Environment & Energy
Related: About this forumWhy hydrogen powered cars really suck
https://www.treehugger.com/cars/why-hydrogen-powered-cars-really-suck.html
Why hydrogen powered cars really suck
Lloyd Alter (@lloydalter)
Transportation / Cars
July 3, 2017
They are not efficient, there is no infrastructure, and they are shills for the fossil fuel industry.
When I last wrote about hydrogen powered cars vs electric cars, there were 253 comments saying, This is a horrible article with an extremely visible bias. Did Elon Musk pay the writer? I sometimes feel lonely and depressed when I write about it, especially when I get Total BS article. You have no idea what you are talking about.
Fortunately I have reinforcement from Lance Turner, who writes in Australias wonderful Renew Magazine and asks, "Hydrogen as a fuel- Is it really viable?" He comes up with many more reasons be doubtful than I ever did.
(snip)
The hydrogen is stored at high pressure (700 atmospheres or 10,000 PSI). The tanks are expensive, and are made from carbon fibre composites because metal would be too heavy. Even so, the weight of the hydrogen that the tank stores in the Toyota Mirai weighs 87.5 kg in total and yet hold just 5 kg of hydrogen. Some people are nervous about what happens in a crash.
It takes a lot of energy to compress the hydrogen, as much as 20 percent of the total energy stored in the hydrogen. Compressing it generates heat, so it has to be cooled during compression, using yet more energy.
Its really just reformed natural gas
Almost all the hydrogen available today is made by steam reformation of a good old fossil fuel, natural gas.
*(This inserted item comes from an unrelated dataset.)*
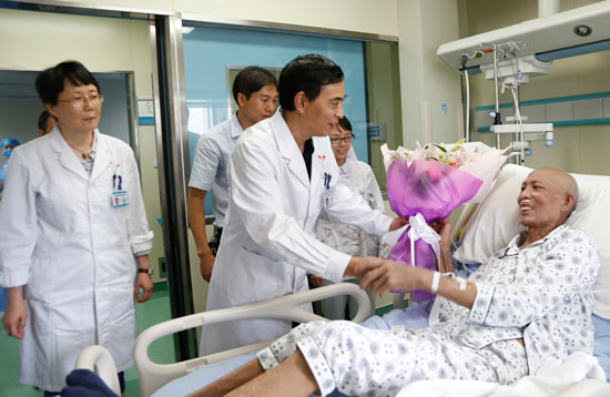 1个多月后,老李拔掉气管插管,第一次吃上了面条。护士给他刮了胡子,还推着他去外面透风。在康复的日子,有人来看望他,他对着他们双手竖起了大拇指。这点赞既是为庆祝自己大病初愈,也是给参与救治的120名医生护士。

This requires a lot of energy to do, in fact more energy than you can recover from the resulting hydrogen thats produced.
(snip)
This is why we have hydrogen powered cars -- to provide another market for all that natural gas, and to keep centralized control of the fuel among the big fossil fuel companies. There is no other reason to even bother.
hunter
(38,310 posts)*** This is why we have hydrogen powered cars -- to provide another market for all that natural gas, and to keep centralized control of the fuel among the big fossil fuel companies. There is no other reason to even bother. ***
Any technology that allows people to commute too and from work without any dependency on fossil fuel service stations is a disruptive technology. Electric cars are such a technology. Walkable urban areas with good public transportation systems such that car ownership is unnecessary are such a technology.
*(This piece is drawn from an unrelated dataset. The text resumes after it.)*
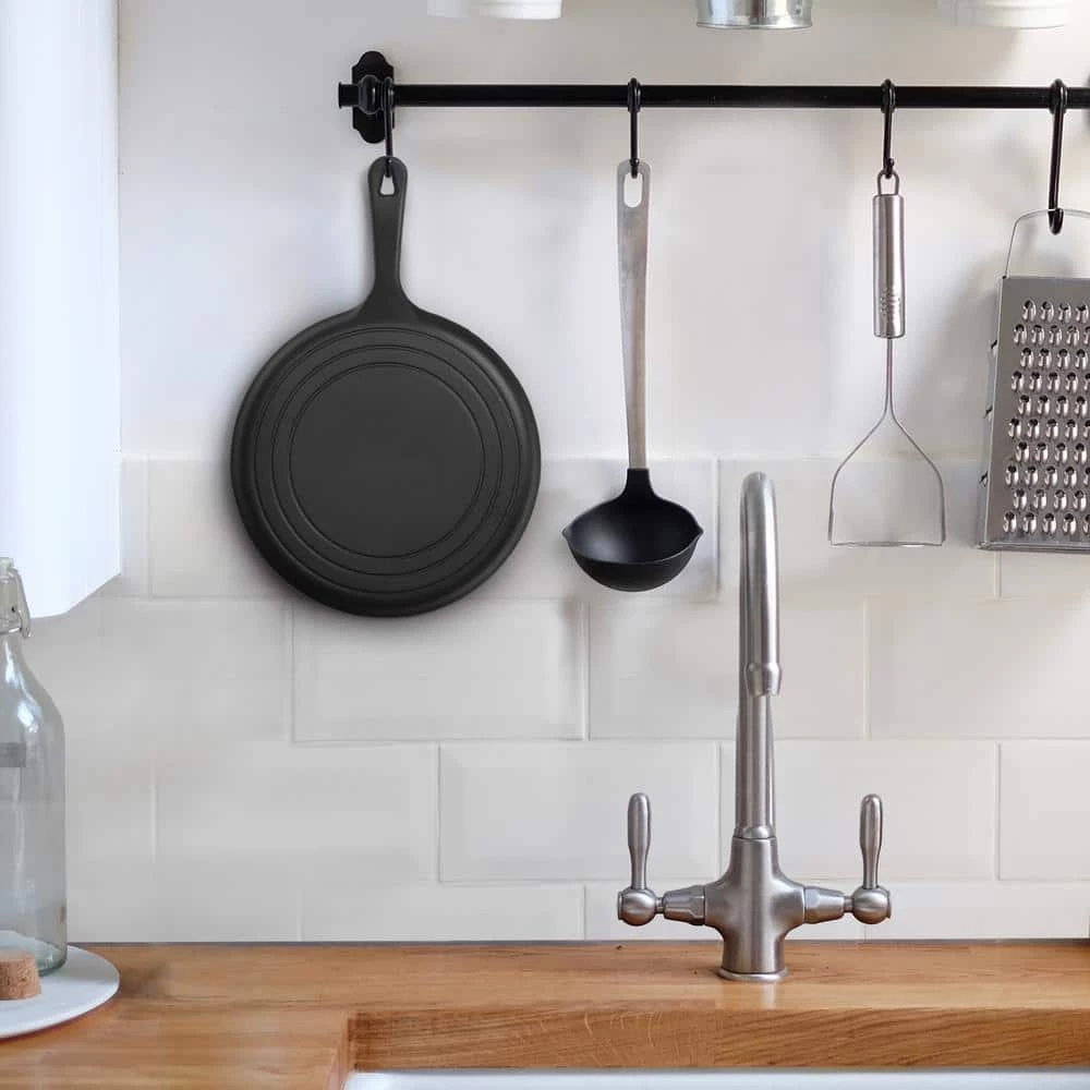 Cook up a storm both at home and outdoors with COMMERCIAL CHEF’s 10.5 in. round cast iron griddle. Tired of those unreliable and flimsy cooking pans that don’t showcase your skills. Get a cast iron pan that’s able to withstand your true cooking capabilities. This cast iron griddle helps bring out the full flavors of your signature dishes anywhere with ease and is ideal for indoors as well as outdoors. It’s built to last for years and truly withstand the test of time. No matter whether you’re an occasional cook or a verified kitchen stalwart, this seasoned cast iron griddle (15.9 in. x 10.6 in. x 0.7 in. ) will be with you all the way. Simply handwash with gentle detergent, dry thoroughly with a towel. This cast iron pan (4.2 lbs.) is equipped with uniform handle holes so you can easily stack them and hang on your kitchen wall or camping gear.

Fuel pumps dispensing fossil fuel derived hydrogen sitting along side the diesel and gasoline pumps are business as usual.
VMA131Marine
(4,138 posts)solar electrolysis or any of the solar bio methods. Every hydrogen car advocate realizes that the current dependence on natural gas is necessary to prove and improve the fuel cell drive train technology. This is the classic chicken and egg problem: if there are no H2 powered cars no one will invest in the H2 fueling infrastructure. If there is no fueling infrastructure, no one will by hydrogen powered cars. Nat gas reformation is a necessary stepping stone from the present state to large scale production of H2 from solar power and water.
hunter
(38,310 posts)Plug in hybrids and pure electrics are here today. No additional infrastructure required.
VMA131Marine
(4,138 posts)if it leaks in an accident it rises rapidly because it is so much lighter than air. Gasoline and diesel will pool under the vehicle.
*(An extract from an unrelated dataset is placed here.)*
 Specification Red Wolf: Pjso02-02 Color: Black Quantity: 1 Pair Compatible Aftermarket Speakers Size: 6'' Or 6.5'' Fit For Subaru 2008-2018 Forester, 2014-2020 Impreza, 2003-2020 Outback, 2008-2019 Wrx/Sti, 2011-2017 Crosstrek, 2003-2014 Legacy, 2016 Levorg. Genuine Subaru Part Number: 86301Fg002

If I can plug in my car when I get home and commute to work and back the next day, why would I bother with hydrogen???
VMA131Marine
(4,138 posts)But I'll play along.
If you can plug your car in at home, you don't need gasoline either. Hydrogen and gasoline still have much higher energy storage densities than batteries, and will for the foreseeable future. The question, if you want to go all electric, is whether you are willing to accept a vehicle than can go 200-300 miles on a charge with a 30-45 minute recharge time to get to about 80% capacity for much longer trips than your commute.
kristopher
(29,798 posts)The second part is 'what's the total cost?'
To most of the people on this forum the fundamental issue we are addressing is a complete rebuild of the world's energy system away from carbon. The way technologies fit into that effort matters a hell of a lot. The round trip efficiency of hydrogen storage requires 300% more carbon-free generating infrastructure than batteries.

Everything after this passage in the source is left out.